В то же время часть еще советских хозяйственников, а также выходцев из мелкого полукриминального бизнеса последних лет перестройки и первых лет независимости в Юго-Восточных промышленных регионах смогла установить контроль над шахтами, ГОКами и металлургическими предприятиями. Простая производственная цепочка, наличие собственного сырья, а также спрос на металлургическую продукцию низкого передела и на продукцию химических и нефтехимических предприятий на мировом рынке позволили им наладить не сложное, но реальное производство и за счет объемов поставок быстро стать мультимиллионерами и миллиардерами. Эта группа была заинтересована в сохранении хороших отношений как с Западом, куда уходила на продажу производимая продукция, так и с Россией, откуда поставлялись газ и нефть, служившие одновременно сырьем (в частности, для химической и нефтехимической промышленности) и энергоносителем. К ним примыкали сельскохозяйственные производители и владельцы предприятий пищевой промышленности, поставлявшие продукцию как на западные рынки (зерно, рапс, подсолнечное масло и семечки), так и в Россию и также заинтересованные в дешевых энергоносителях.

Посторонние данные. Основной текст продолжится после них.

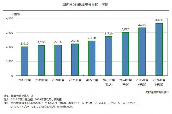 M2M需要は引き続き旺盛で、2023年度の国内M2M市場規模は前年度比12.9%増の2,720億円を見込み、2026年度まで10%前後の伸長が継続する見通しである。
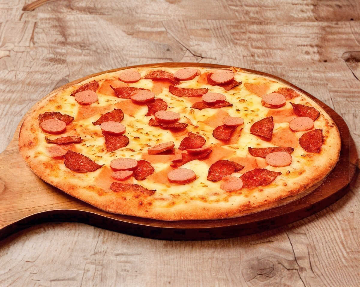 Pizza grande con Salchicha, Salami, Jamón y Queso mozzarella (Orilla de ajo opcional)

Ну и, наконец, каждый, кто мог поучаствовать в комбинациях с газом, рвался к транзитной трубе. В первые годы независимости Украина активно занималась реэкспортом российского газа (пока в контракты не был внесен запрет на подобную деятельность). Но и после этого газ оказывался чрезвычайно привлекательным средством заработка, а точнее, разного рода махинаций. Не случайно на Украине говорили, что все крупные состояния были первоначально заработаны на российском газе.

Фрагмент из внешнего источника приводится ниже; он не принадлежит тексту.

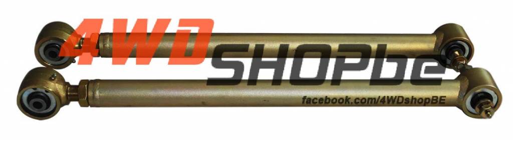 Hoe hoger je gaat, hoe meer je assen getrokken gaan staan en uit het center staan. Door deze "Heavy Duty Trailing Armen" (trekstangen) kan je je as weer perfect center zetten. Afgewerkt met de Johnny Joints zorgen deze voor een superieure flex en enorm lage stress op al je andere onderdelen.

Именно таким дуализмом украинского бизнеса, его зависимостью от российских энергоносителей и одновременно попытками ориентироваться преимущественно на западные рынки, объясняется политика многовекторности, официально заявленная Леонидом Кучмой и бывшая основой украинской внешней политики вплоть до конца 2004 года. При этом ментально украинская бизнес-политическая элита практически в полном составе (возможно, за единичными исключениями) чувствовала себя частью Европы и с удовольствием внимала националистическим мифам об извечной нерусскости украинцев.

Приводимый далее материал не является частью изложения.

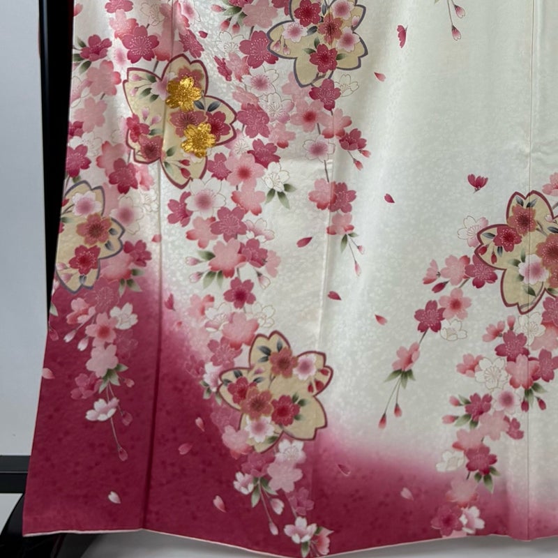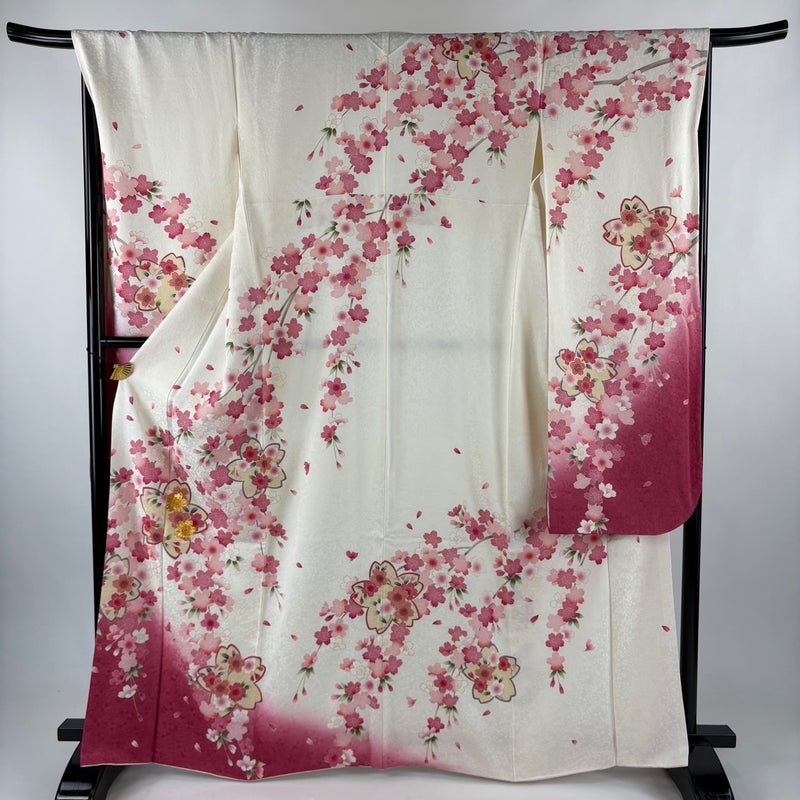 【振袖】 白系 クリーム 名品 A 約160cm~約169cm 裄丈67cm-68cm (L)size 袖丈91cm以上 9990-29990 美品 二万以下

Если с точки зрения интересов бизнеса элита делилась на компрадоров и национальных производителей, причем ресурсы последних значительно превышали ресурсы первых, то с точки зрения идеологии подаляющее большинство элитариев были духовными компрадорами.
На Украине сложился компрадорский олигархический режим, в принципе испытывавший нужду в государстве только как в средстве обогащения. Следовательно, и ценность для элиты Украина представляла лишь до тех пор, пока ее ресурсы позволяли решать данную задачу. Неизбежное в перспективе истощение ресурсов (нельзя же несколько раз разграбить одни и те же предприятия) приводило к утрате интереса неидеологизированной части элиты к сохранению государственности. Это порождало внутреннее противоречие между элитариями, являвшимися политиками от бизнеса и допущенными к власти националистами. Для последних, как было указано, государство имело самостоятельную ценность.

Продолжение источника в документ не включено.